> [Your task] From the line containing "参观校史展览是新生入学教育的" to the line containing "穴埋め問題を確認・調整し、完成させる" in the entries below, reproduce every line exactly, ends included. Nothing else belongs in the copy, and no pictures.

> [Input data]
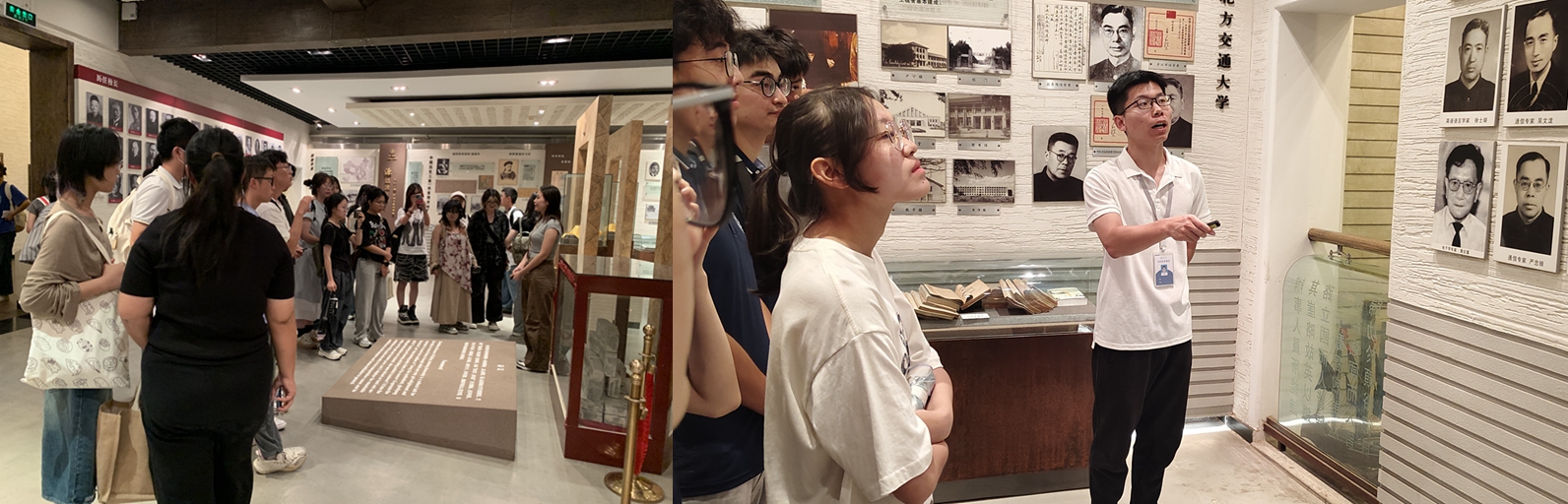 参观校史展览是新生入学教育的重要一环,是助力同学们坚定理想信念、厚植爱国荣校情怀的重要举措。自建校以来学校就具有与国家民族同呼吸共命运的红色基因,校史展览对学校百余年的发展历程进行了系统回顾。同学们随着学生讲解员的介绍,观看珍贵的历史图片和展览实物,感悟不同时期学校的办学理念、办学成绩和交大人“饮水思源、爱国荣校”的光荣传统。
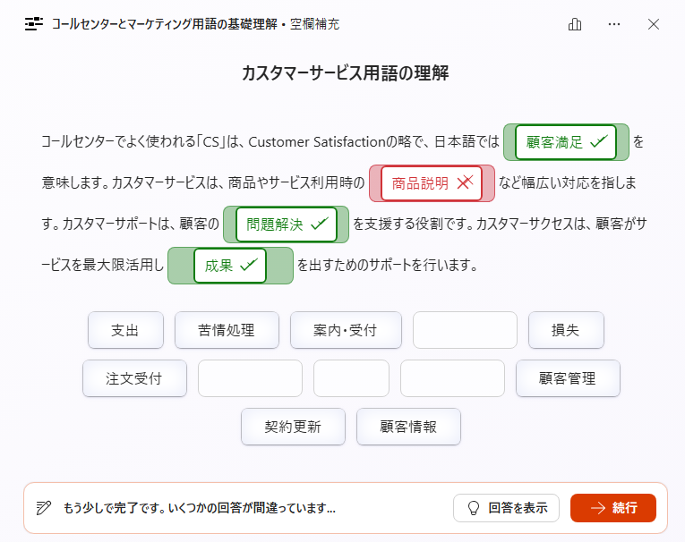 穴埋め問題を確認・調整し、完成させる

---

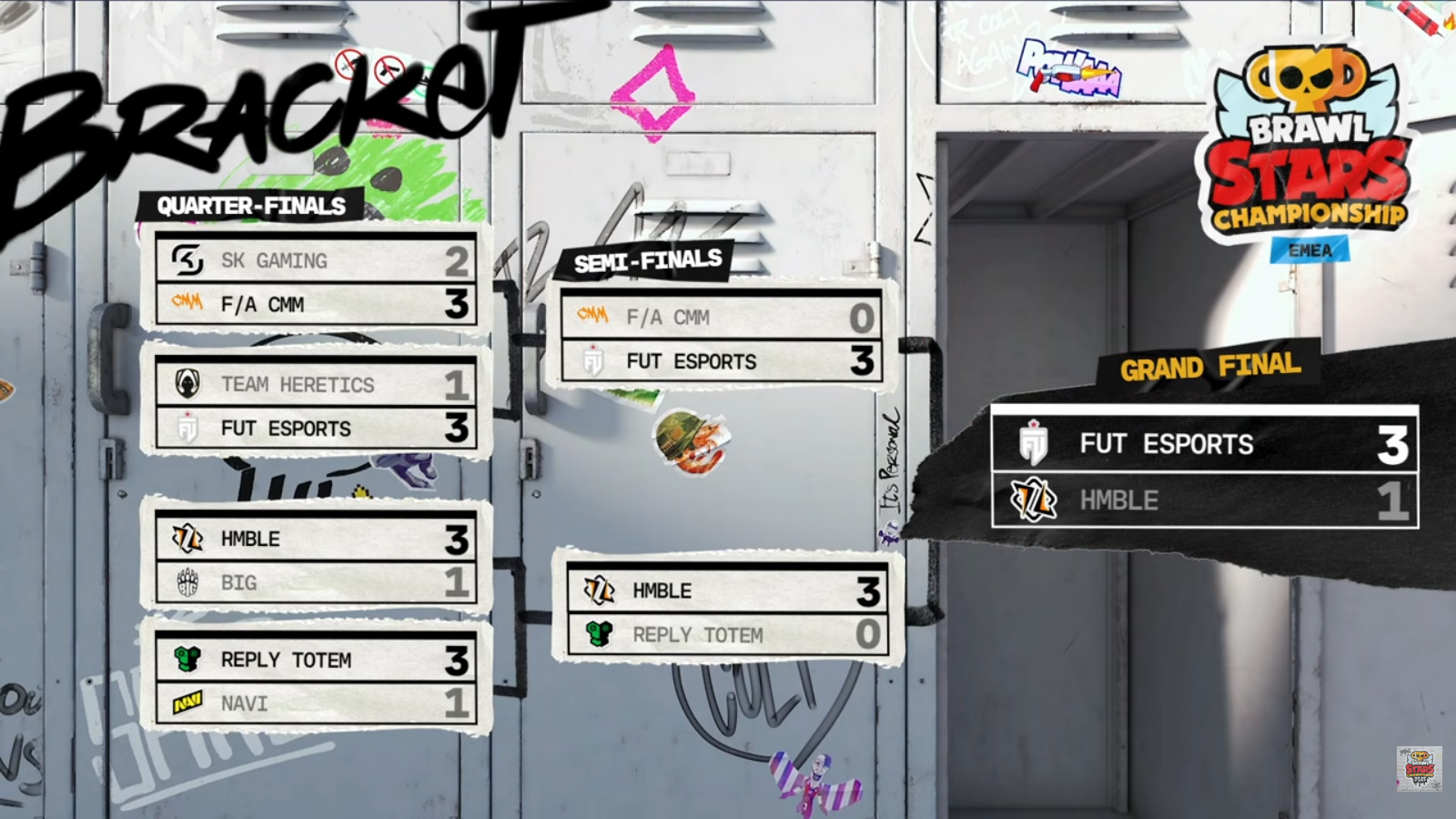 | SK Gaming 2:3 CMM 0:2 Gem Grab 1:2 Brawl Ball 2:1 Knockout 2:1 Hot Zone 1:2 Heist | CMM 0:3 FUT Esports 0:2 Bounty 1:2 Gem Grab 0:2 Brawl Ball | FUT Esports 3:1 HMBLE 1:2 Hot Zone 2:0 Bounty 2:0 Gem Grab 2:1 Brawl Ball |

> [Task result]
 参观校史展览是新生入学教育的重要一环,是助力同学们坚定理想信念、厚植爱国荣校情怀的重要举措。自建校以来学校就具有与国家民族同呼吸共命运的红色基因,校史展览对学校百余年的发展历程进行了系统回顾。同学们随着学生讲解员的介绍,观看珍贵的历史图片和展览实物,感悟不同时期学校的办学理念、办学成绩和交大人“饮水思源、爱国荣校”的光荣传统。
 穴埋め問題を確認・調整し、完成させる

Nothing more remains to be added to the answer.